[Records excerpted from a collection]
══════════

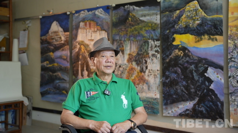 尼瑪澤仁:如果看到這幾幅畫(huà),肯定會(huì)感覺(jué)跟其他山水畫(huà)不一樣,因?yàn)槲疫\(yùn)用了艷麗的色彩去形成強(qiáng)烈的對(duì)比。我想通過(guò)這樣的色彩,有別于江南的秀麗,展現(xiàn)出雪域高原獨(dú)特的山水。這里面飽含著熱情,山體會(huì)沖擊你的視野,會(huì)打動(dòng)你的心靈,給予你靈魂上的震撼。
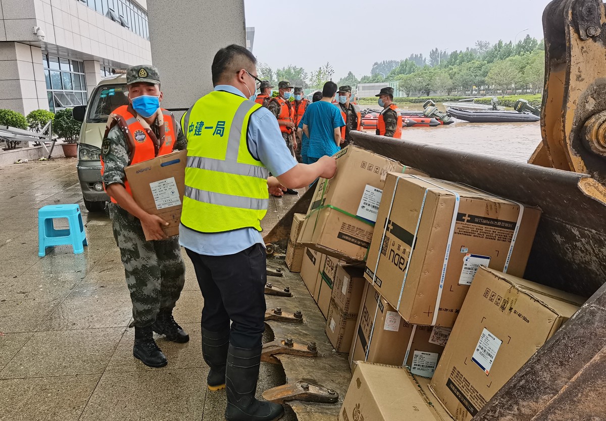 “阜外医院急救物资到货,急需防水交通工具运送进去!”阜外华中心血管病医院是郑州市内受灾最严重的医院之一,医院一层被淹,医院附近水深约两米,物资无法通过大车运送进医院,只能通过皮划艇一点一点地运输物资。“我们有铲车!我们来送!”中建一局一公司先锋志愿者们快速协调,利用铲车一趟趟将救援物资运到医院内,为患者送去“救命药”。
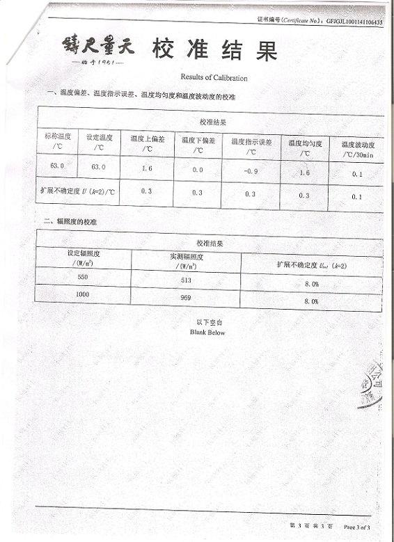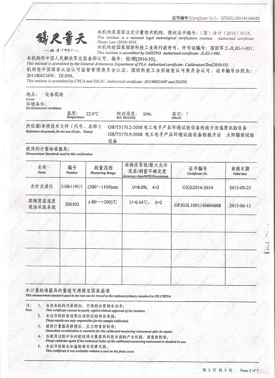 ·氙燈老化試驗箱校準證書模板下載—北京長城計量所
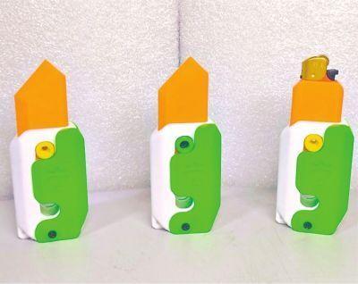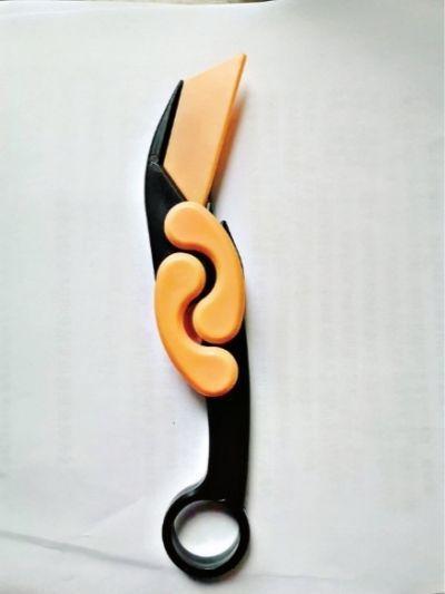 市面上銷售的蘿卜刀是一款由塑料制成的仿刀具玩具,外形酷似胡蘿卜。玩者用手一甩,“唰”的一聲刀片彈出,并能借助自身重力滑回卡槽,也被稱為“重力胡蘿卜刀”。
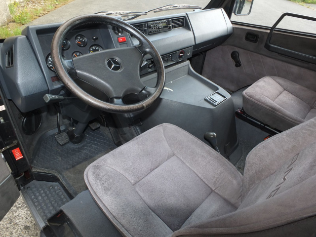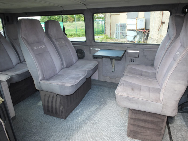 Um den Innenraum aufzuwerten, konnte der Kunden bei AMG aus verschiedenen Optionen - Leder oder Stoffinterieur - wählen. Ronalds MB 100 AMG ist mit Einzelsitzen, die mit grauem Velourstoff bezogen sind, ausgestattet. Ferner finden sich im Innenraum seines MB 100 Klapptische, eine hochwertige Stereoanlage sowie ein robuster Teppichboden nebst einer speziellen Instrumententafel mit einem Tachometer, der eine erweiterte Skalierung bis 200 km/h aufweist.

══════════

▸ **Exercise details**: Omitting the pictures, copy each record above exactly as it stands.

▸ **Answer space**:
 尼瑪澤仁:如果看到這幾幅畫(huà),肯定會(huì)感覺(jué)跟其他山水畫(huà)不一樣,因?yàn)槲疫\(yùn)用了艷麗的色彩去形成強(qiáng)烈的對(duì)比。我想通過(guò)這樣的色彩,有別于江南的秀麗,展現(xiàn)出雪域高原獨(dú)特的山水。這里面飽含著熱情,山體會(huì)沖擊你的視野,會(huì)打動(dòng)你的心靈,給予你靈魂上的震撼。
 “阜外医院急救物资到货,急需防水交通工具运送进去!”阜外华中心血管病医院是郑州市内受灾最严重的医院之一,医院一层被淹,医院附近水深约两米,物资无法通过大车运送进医院,只能通过皮划艇一点一点地运输物资。“我们有铲车!我们来送!”中建一局一公司先锋志愿者们快速协调,利用铲车一趟趟将救援物资运到医院内,为患者送去“救命药”。
 ·氙燈老化試驗箱校準證書模板下載—北京長城計量所
 市面上銷售的蘿卜刀是一款由塑料制成的仿刀具玩具,外形酷似胡蘿卜。玩者用手一甩,“唰”的一聲刀片彈出,并能借助自身重力滑回卡槽,也被稱為“重力胡蘿卜刀”。
 Um den Innenraum aufzuwerten, konnte der Kunden bei AMG aus verschiedenen Optionen - Leder oder Stoffinterieur - wählen. Ronalds MB 100 AMG ist mit Einzelsitzen, die mit grauem Velourstoff bezogen sind, ausgestattet. Ferner finden sich im Innenraum seines MB 100 Klapptische, eine hochwertige Stereoanlage sowie ein robuster Teppichboden nebst einer speziellen Instrumententafel mit einem Tachometer, der eine erweiterte Skalierung bis 200 km/h aufweist.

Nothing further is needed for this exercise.